◆ **Task brief**:
All of the data, except its images, should be set down exactly as it appears.

++++ Available data

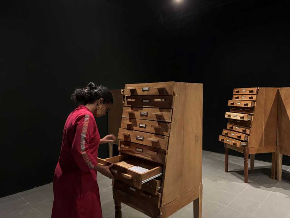 “Rotation 02 of ‘Total Landscaping’ will introduce a new selection of works spanning from photographs and paintings to sculptures and installations. “A paddy wild installation titled ‘Walk(er)’ by Danushka Marasinghe will remain in place from Rotation 1, continuing to introduce the exhibition,” said Sajeewa. He further noted that “This rotation also features three interactive artworks that promise to offer an engaging experience for visitors.” These interactive works include Pradeep Thalawatta’s ‘You came to see me, and now I’m here’ (2023) and T. Shanaathanan’s ‘Drawers of War Transactions’ (2019), which are both being exhibited for the first time in Sri Lanka.”
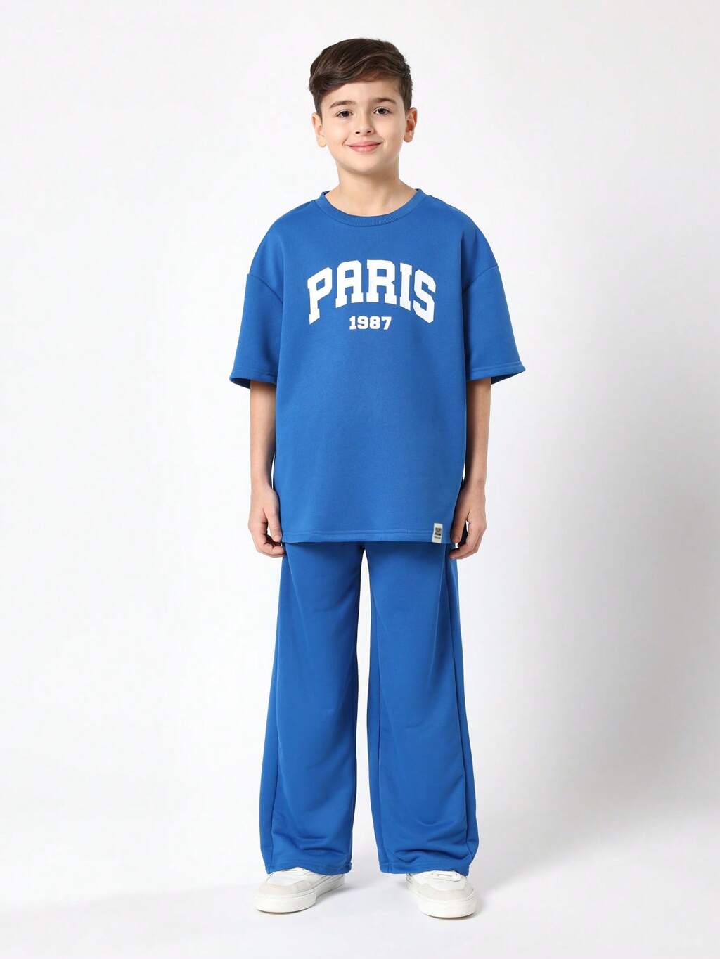 Conjunto de Camiseta e Shorts Coordenados com Estampa de Letra Oversized para Meninos, Roupa Casual de Verão para Pré-Adolescentes
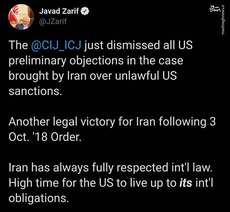 محمد جواد ظریف، وزیر امور خارجه در واکنش به رد شدن قاطعانه اعتراضات آمریکا توسط دیوان لاهه طی توییتی نوشت...
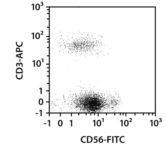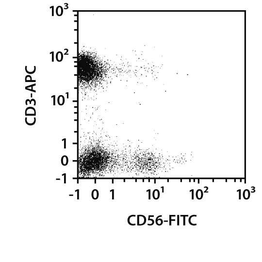 CD56抗原在大多数NK细胞和一小部分T细胞中表达。活化NK细胞后,CD56的表面表达增加。
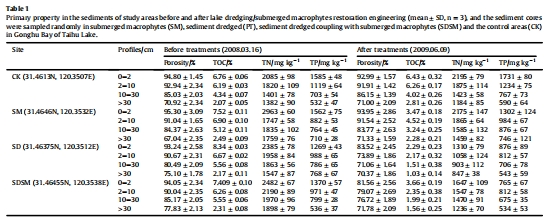 測量指標:不同處理區沉積物的孔隙度、總有機碳、總氮、總磷含量,按深度分層分析。
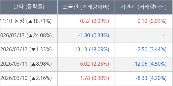 [서울=뉴스핌] 로보뉴스 = 16일 11시 30분 현재 RF시스템즈(474610)는 외국인과 기관이 각각 0.52 만 주, 0.10 만 주 순매수(잠정) 하면서 전일 대비 18.71% (현재가 11,990원) 상승하고 있다.

++++++++

◆ **Written answer**:
 “Rotation 02 of ‘Total Landscaping’ will introduce a new selection of works spanning from photographs and paintings to sculptures and installations. “A paddy wild installation titled ‘Walk(er)’ by Danushka Marasinghe will remain in place from Rotation 1, continuing to introduce the exhibition,” said Sajeewa. He further noted that “This rotation also features three interactive artworks that promise to offer an engaging experience for visitors.” These interactive works include Pradeep Thalawatta’s ‘You came to see me, and now I’m here’ (2023) and T. Shanaathanan’s ‘Drawers of War Transactions’ (2019), which are both being exhibited for the first time in Sri Lanka.”
 Conjunto de Camiseta e Shorts Coordenados com Estampa de Letra Oversized para Meninos, Roupa Casual de Verão para Pré-Adolescentes
 محمد جواد ظریف، وزیر امور خارجه در واکنش به رد شدن قاطعانه اعتراضات آمریکا توسط دیوان لاهه طی توییتی نوشت...
 CD56抗原在大多数NK细胞和一小部分T细胞中表达。活化NK细胞后,CD56的表面表达增加。
 測量指標:不同處理區沉積物的孔隙度、總有機碳、總氮、總磷含量,按深度分層分析。
 [서울=뉴스핌] 로보뉴스 = 16일 11시 30분 현재 RF시스템즈(474610)는 외국인과 기관이 각각 0.52 만 주, 0.10 만 주 순매수(잠정) 하면서 전일 대비 18.71% (현재가 11,990원) 상승하고 있다.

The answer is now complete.